Consider the random variable $X \sim {\text{Geo}}(p)$.

(a)     State ${\text{P}}(X < 4)$.

(b)     Show that the probability generating function for X is given by ${G_X}(t) = \frac{{pt}}{{1 - qt}}$, where $q = 1 - p$.

Let the random variable $Y = 2X$.

(c)     (i)     Show that the probability generating function for Y is given by ${G_Y}(t) = {G_X}({t^2})$.

          (ii)     By considering ${G'_Y}(1)$, show that ${\text{E}}(Y) = 2{\text{E}}(X)$.

Let the random variable $W = 2X + 1$.

(d)     (i)     Find the probability generating function for W in terms of the probability generating function of Y.

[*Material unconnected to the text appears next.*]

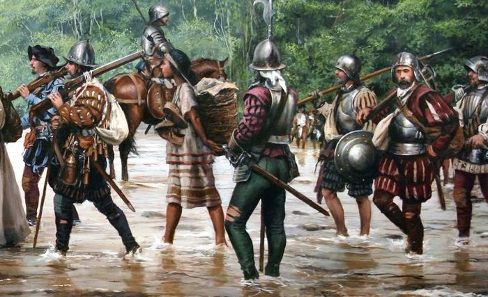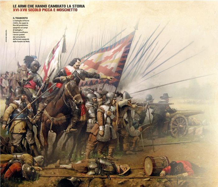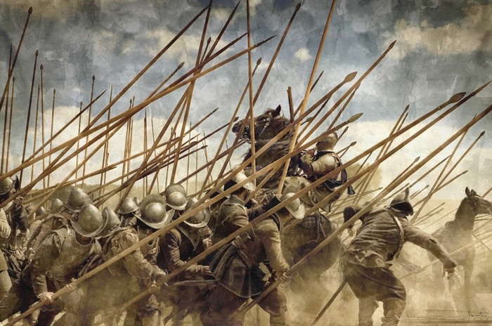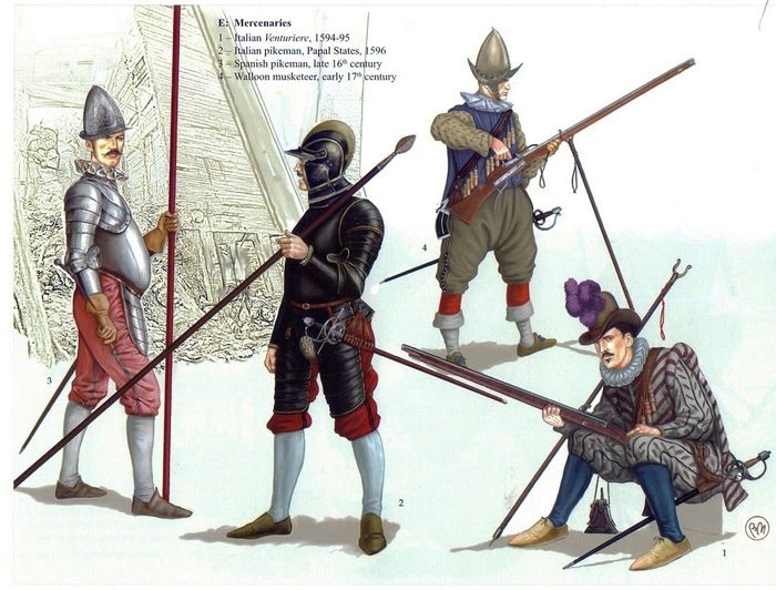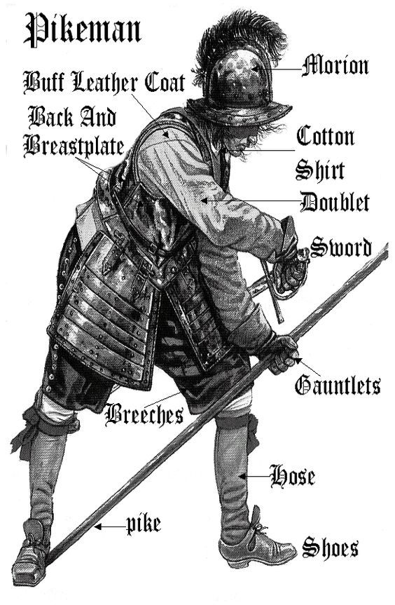 Командиры – те, да, происходили из дворян, принадлежали к старой феодальной знати и могли позволить себе приобретать доспехи, сделанные на заказ. Однако и они стали сильно отличаться конструктивно от доспехов предшествующего времени. Так, уже в 1550 году появляются кирасы с раздельными набедренниками до колен. Нагрудник же кирасы удлинился и превратился в «гусиное брюхо» (что поделаешь, мода есть мода!), хотя на многих доспехах талия на уровне поясницы сохранялась.

          (ii)     Hence, show that ${\text{E}}(W) = 2{\text{E}}(X) + 1$.

(a)     use of ${\text{P}}(X = n) = p{q^{n - 1}}{\text{ }}(q = 1 - p)$     (M1)

${\text{P}}(X < 4) = p + pq + p{q^2}{\text{ }}\left( { = 1 - {q^3}} \right){\text{ }}\left( { = 1 - {{(1 - p)}^3}} \right){\text{ }}( = 3p - 3{p^2} + {p^3})$     A1

[2 marks]

(b)   ${G_X}(t) = {\text{P}}(X = 1)t + {\text{P}}(X = 2){t^2} +  \ldots$     (M1)

$= pt + pq{t^2} + p{q^2}{t^3} +  \ldots$     A1

summing an infinite geometric series     M1

$= \frac{{pt}}{{1 - qt}}$     AG

[3 marks]

(c)     (i)     EITHER

          ${G_Y}(t) = {\text{P}}(Y = 1)t + {\text{P}}(Y = 2){t^2} +  \ldots$     A1

          $= 0 \times t + {\text{P}}(X = 1){t^2} + 0 \times {t^3} + {\text{P}}(X = 2){t^4} +  \ldots$     M1A1

          $= {G_X}({t^2})$     AG

          OR

          ${G_Y}(t) = E({t^Y}) = E({t^{2X}})$     M1A1

          $= E\left( {{{({t^2})}^X}} \right)$     A1

          $= {G_X}({t^2})$     AG

          (ii)     ${\text{E}}(Y) = {G'_Y}(1)$     A1

          EITHER

          $= 2t{G'_X}({t^2})$ evaluated at $t = 1$     M1A1

          $= 2{\text{E}}(X)$     AG

          OR

          $= \frac{{\text{d}}}{{{\text{d}}x}}\left( {\frac{{p{t^2}}}{{(1 - q{t^2})}}} \right) = \frac{{2pt(1 - q{t^2}) + 2pq{t^3}}}{{{{(1 - q{t^2})}^2}}}$ evaluated at $t = 1$     A1

          $= 2 \times \frac{{p(1 - qt) + pqt}}{{{{(1 - qt)}^2}}}$ evaluated at $t = 1{\text{ (or }}\frac{2}{p})$     A1

          $= 2{\text{E}}(X)$     AG

[6 marks]

(d)     (i)     ${G_W}(t) = t{G_Y}(t)$ (or equivalent)     A2

          (ii)     attempt to evaluate ${G'_W}(t)$     M1

          EITHER

          obtain $1 \times {G_Y}(t) + t \times {G'_Y}(t)$     A1

          substitute $t = 1$ to obtain $1 \times 1 + 1 \times {G'_Y}(1)$     A1

          OR

          $= \frac{{\text{d}}}{{{\text{d}}x}}\left( {\frac{{p{t^3}}}{{(1 - q{t^2})}}} \right) = \frac{{3p{t^2}(1 - q{t^2}) + 2pq{t^4}}}{{{{(1 - q{t^2})}^2}}}$     A1

          substitute $t = 1$ to obtain $1 + \frac{2}{p}$     A1

          $= 1 + 2{\text{E}}(X)$     AG

[5 marks]

Total [16 marks]